Wie gerade der vorliegende Fall zeigt, ist der Betriebsrat wegen der Wahrnehmung anderer betriebsverfassungsrechtlicher Aufgaben (z.B. Sozialplan-Verhandlungen) zeitlich nicht immer in der Lage, innerhalb der ohnehin knapp bemessenen Wochenfrist sich mit einer Vielzahl von anstehenden Kündigungen im einzelnen zu befassen. Nach dem Sinn und Zweck des Anhörungsverfahrens soll es aber der autonomen Entscheidung des Betriebsrats überlassen bleiben, welche Maßnahmen (z.B. Anhörung der betroffenen Mitarbeiter) innerhalb der gesetzlichen Anhörungsfrist zu ergreifen sind und ob, wann und wie er tätig werden will. Eine Verkürzung der gesetzlichen Anhörungsfristen durch den Arbeitgeber würde selbst bei Eilfällen auf eine Einmischung des Arbeitgebers in die Amtsführung des Betriebsrats hinauslaufen. Außerdem würde eine für die Praxis unerfreuliche Rechtsunsicherheit entstehen, da es im Einzelfall nur schwer festzustellen wäre, ob wirklich ein Eilfall vorliegt und welche Anhörungsfrist als angemessen anzusehen wäre. Zu entscheiden wäre dann auch die Frage, ob die gesetzliche Zustimmungsfiktion im Falle einer Nichtäußerung bereits innerhalb der verkürzten Anhörungsfrist oder erst nach Ablauf der gesetzlichen Anhörungsfrist eingreift.

2 AZR 610/74 > Rn 27

c) Unabhängig von diesen Erwägungen ist im Streitfall eine Eilbedürftigkeit, die zur Verkürzung der gesetzlichen Anhörungsfrist führen könnte, nicht anzuerkennen. Die schwierige Wirtschaftslage der Beklagten zeichnete sich langfristig, und zwar nach dem Beklagtenvortrag schon seit der Mitte der 60iger Jahre ab. Ein Eilfall könnte demgegenüber bei betriebsbedingten Kündigungen nur dann angenommen werden, wenn sich die wirtschaftliche Lage des Unternehmens plötzlich und unvorhergesehen (z.B. durch den Konkurs des einzigen Großkunden derart verändert, daß der sofortige Ausspruch von Kündigungen unabweisbar notwendig ist.
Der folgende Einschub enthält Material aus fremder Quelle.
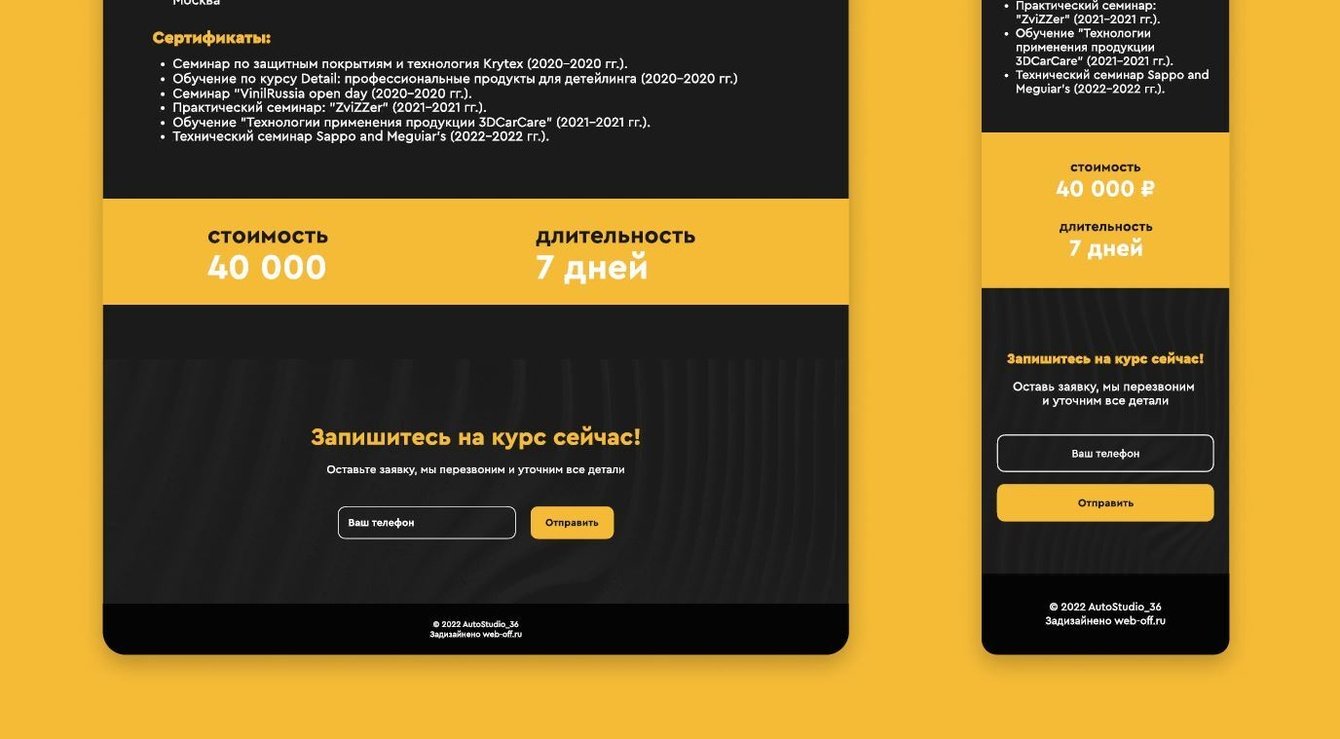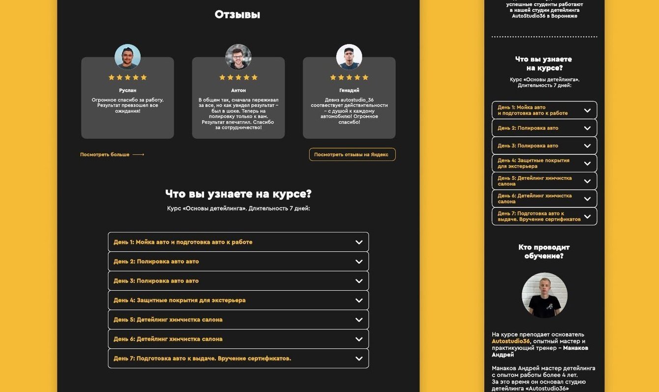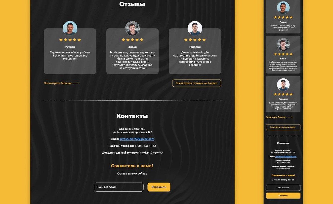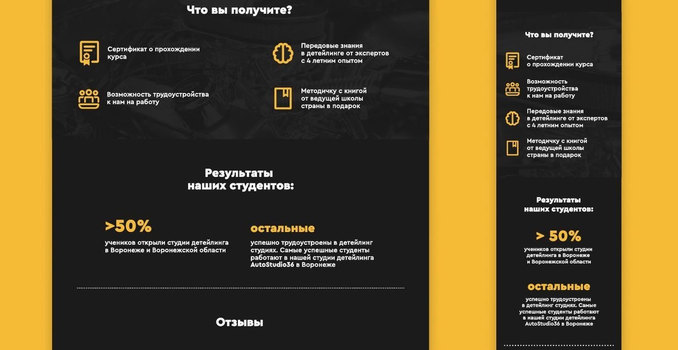 Сделать редизайн сайта опираясь на корпоративные черно-желтые цвета и анализ конкурентов. Сформировать новую визуальную концепцию сайта, переделать структуру сайта, написать продающие тексты, которые понятно доносят клиентам ценности детейлинг центра. Сделать адаптивы, так как 90% целевой аудитории посещают сайт с телефона.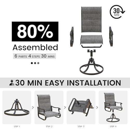 • VONZOY Patio Swivel Chairs Set of 6, Outdoor Dining Chairs with High Back, All-Weather Swivel Rocker Chair for Lawn, Porch or Garden (Padded Dark Grey)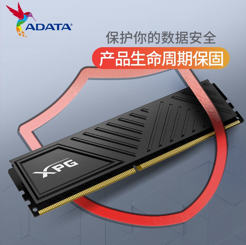 威刚XPG BBKD35 8G-3200 DDR4 威龙条(黑) 台式机电脑电竞马甲内存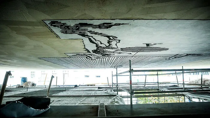 Derzeit wird an der Auskragung der Bibliothek der Uni Graz ein überdimensionales Kunstprojekt umgesetzt.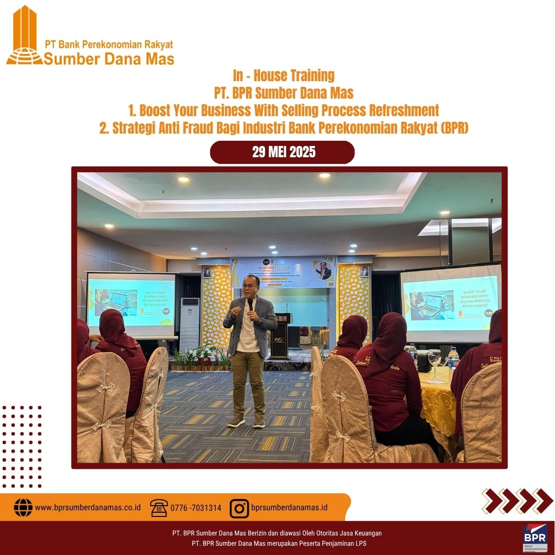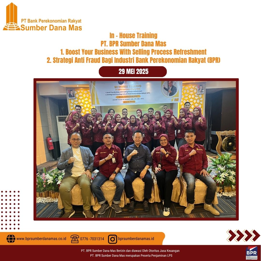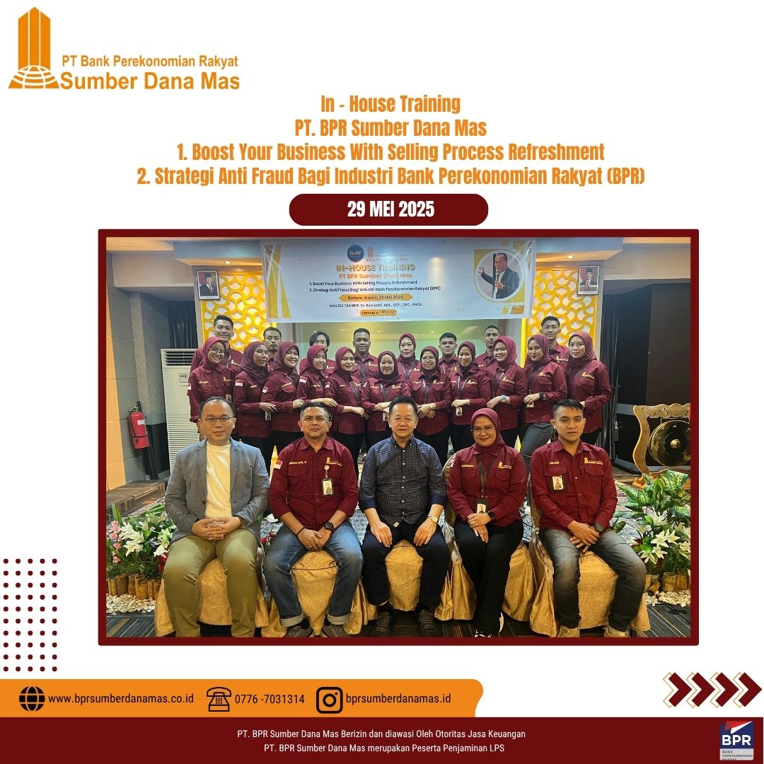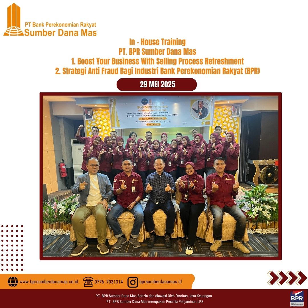 Sebagai bagian dari komitmen dalam meningkatkan kualitas pelayanan dan kepatuhan terhadap regulasi, PT BPR Sumber Dana Mas menyelenggarakan In House Training bertema Strategi Anti Fraud Bagi Industri Bank Perekonomian Rakyat (BPR) & Boost Your Business With Selling Process Refreshment, yang dilaksanakan di Batam, Kamis 29 Juni 2025.

Im Streitfall war es Sache der Beklagten, durch eine langfristige unternehmenspolitische Planung rechtzeitig die geeigneten unternehmerischen Maßnahmen zu ergreifen. Verspätete Unternehmensentscheidungen können nicht dazu führen, den gesetzlichen Handlungsspielraum des Betriebsrats in zeitlicher Hinsicht zu beschneiden. In Übereinstimmung mit dem Arbeitsgericht ist im Streitfall das Vorliegen eines Eilfalles schließlich auch deshalb zu verneinen, weil die Beklagte die Möglichkeit hatte, die Kündigungsschreiben auch noch nach Ablauf der Wochenfrist des 102 Abs. 2 Satz 1 BetrVG an die betroffenen Arbeitnehmer zu übersenden (z.B. durch Eilbrief oder Boten), wie es ja auch tatsächlich am 27. Dezember 1973 im Falle der beiden Kläger geschehen ist.

2 AZR 610/74 > Rn 28

Die Kündigung der Kläger ist nach alledem entgegen der Ansicht des Landesarbeitsgerichts gemäß § 102 Abs. 1 BetrVG unwirksam. Das Urteil des Landesarbeitsgerichts war daher aufzuheben und die Berufung der Beklagten gegen das Urteil des Arbeitsgerichts Stuttgart vom 25. Februar 1974 zurückzuweisen. Die Kostenentscheidung folgt aus § 91 ZPO.